All-solid-state potassium-selective sensor based on carbon black modified thermoplastic electrode

Abstract

Thermoplastic carbon composite electrodes have been introduced by our group as novel electrodes with improved electrochemical properties and previously applied for accurate detection of biomarkers using voltammetric methods.

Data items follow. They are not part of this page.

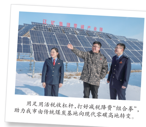
用足用活税收杠杆,打好减税降费“组合拳”,助力我市由传统煤炭基地向现代零碳高地转变。
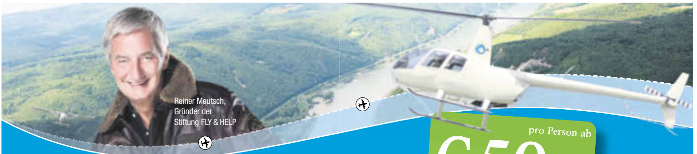
Reiner Meusch, Gründer der Stiftung FLY & HELP

Gesamtverbrauch l/100 km: kombiniert von 8,4 bis 4,1; CO 2 -Emissionen: kombiniert von 199,0 bis 95,0 g/km (Messverfahren gem. EU-Norm); Effizienzklasse E-A.
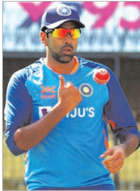
अश्विन पहली बार 2015 में टेस्ट रैंकिंग में शीर्ष पर पहुंचे थे। अश्विन ने दिल्ली टेस्ट में 6 विकेट हासिल

एजेंसी। नई दिल्ली भारत के ऑफ स्पिनर रविचंद्रन अश्विन बुधवार को आईसीसी की गेंदबाजों की ताजा टेस्ट रैंकिंग में दो स्थान के फायदे से शीर्ष स्थान पर पहुंच गए हैं। अश्विन ने इंग्लैंड के अनुभवी तेज गेंदबाज जेम्स एंडरसन को पीछे छोड़ते हुए शीर्ष स्थान हासिल किया। वेलिंगटन टेस्ट में न्यूजीलैंड के हाथों इंग्लैंड की हार के बाद एंडरसन दूसरे स्थान पर खिसक गए। 36 वर्षीय
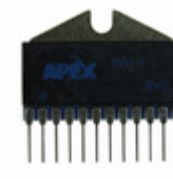
PB63DPA Apex Microtechnology IC OPAMP POWER 1.2MHZ 12PWSIP

Because of their exceptional properties, we hypothesized they would work well as potentiometric ion-selective electrodes as well. In this work, potassium selective thermoplastic electrodes (TPEs) were developed for potentiometric detection for the first time and applied in biofluids. TPEs were fabricated using mixture of polystyrene and polycaprolactone and two types of graphite (MG1599 and Nano19) for comparison, and modified with carbon black via drop-casting. Carbon black modification was optimized in the presence of various numbers of carbon black layers, while ion selective membrane components were optimized at different component ratios. Under optimized conditions, TPEs exhibited Nernstian response to K+ with sensitivity of 59.3 ± 1.01 mV decade−1 and near-Nernstian response with sensitivity of 56.8 ± 1.7 mV decade−1 within a linear range of 1.0 × 10−4 M-1.0 × 10−1 M with a LOD of 1.0 × 10−4- M for Nano19- and MG1599-based TPEs, respectively. The K+-selective TPEs demonstrated rapid response (4 s) and excellent stability, repeatability and reproducibility. The applicability of electrodes were shown in human pooled urine and artificial interstitial fluid samples with potassium ion concentrations ranging from healthy and unhealthy levels. Therefore, the electrodes could be used in healthcare applications for accurate detection of K+ exists in complex matrix and can be easily adapted to simultaneously monitor other ions for diagnosis of diseases due to miniaturization of TPEs.